> REQUIRED WORK
From the first line of the listing to the last, set down everything exactly, but skip the images.

> SOURCE DATA
──────
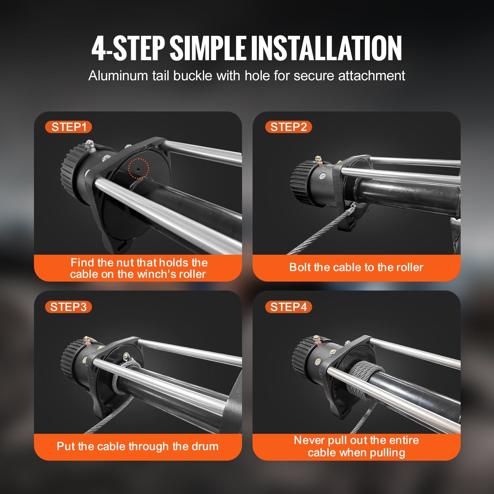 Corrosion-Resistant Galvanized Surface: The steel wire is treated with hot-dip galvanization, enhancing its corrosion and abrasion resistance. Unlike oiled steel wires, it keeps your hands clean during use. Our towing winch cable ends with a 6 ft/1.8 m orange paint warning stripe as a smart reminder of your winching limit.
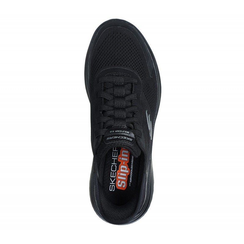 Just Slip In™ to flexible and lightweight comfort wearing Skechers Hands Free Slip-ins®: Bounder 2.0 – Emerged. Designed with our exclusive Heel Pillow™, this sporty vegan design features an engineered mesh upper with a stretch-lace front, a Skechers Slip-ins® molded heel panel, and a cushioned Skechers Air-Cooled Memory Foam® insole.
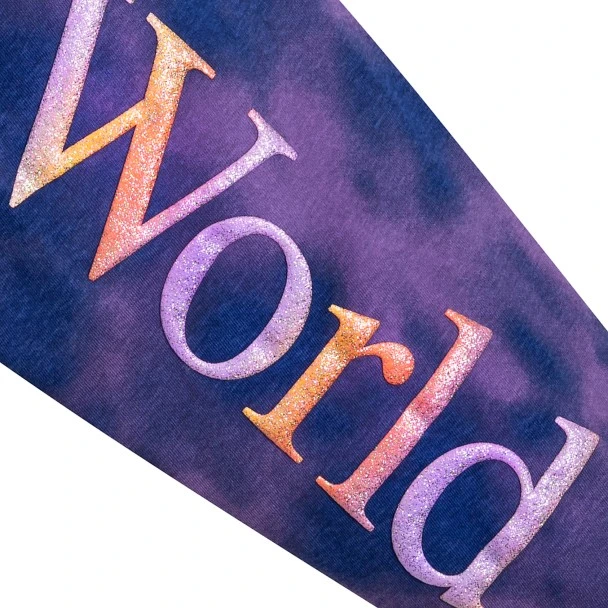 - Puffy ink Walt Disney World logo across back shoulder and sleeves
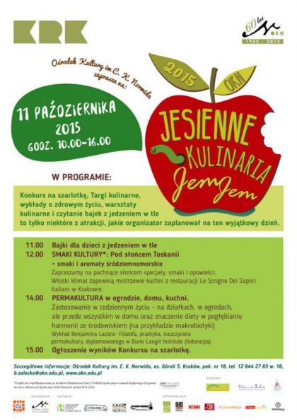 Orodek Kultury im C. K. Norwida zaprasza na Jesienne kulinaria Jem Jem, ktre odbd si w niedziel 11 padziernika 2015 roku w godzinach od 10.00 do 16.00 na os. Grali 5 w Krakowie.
──────
> SOLUTION TO THIS TASK
 Corrosion-Resistant Galvanized Surface: The steel wire is treated with hot-dip galvanization, enhancing its corrosion and abrasion resistance. Unlike oiled steel wires, it keeps your hands clean during use. Our towing winch cable ends with a 6 ft/1.8 m orange paint warning stripe as a smart reminder of your winching limit.
 Just Slip In™ to flexible and lightweight comfort wearing Skechers Hands Free Slip-ins®: Bounder 2.0 – Emerged. Designed with our exclusive Heel Pillow™, this sporty vegan design features an engineered mesh upper with a stretch-lace front, a Skechers Slip-ins® molded heel panel, and a cushioned Skechers Air-Cooled Memory Foam® insole.
 - Puffy ink Walt Disney World logo across back shoulder and sleeves
 Orodek Kultury im C. K. Norwida zaprasza na Jesienne kulinaria Jem Jem, ktre odbd si w niedziel 11 padziernika 2015 roku w godzinach od 10.00 do 16.00 na os. Grali 5 w Krakowie.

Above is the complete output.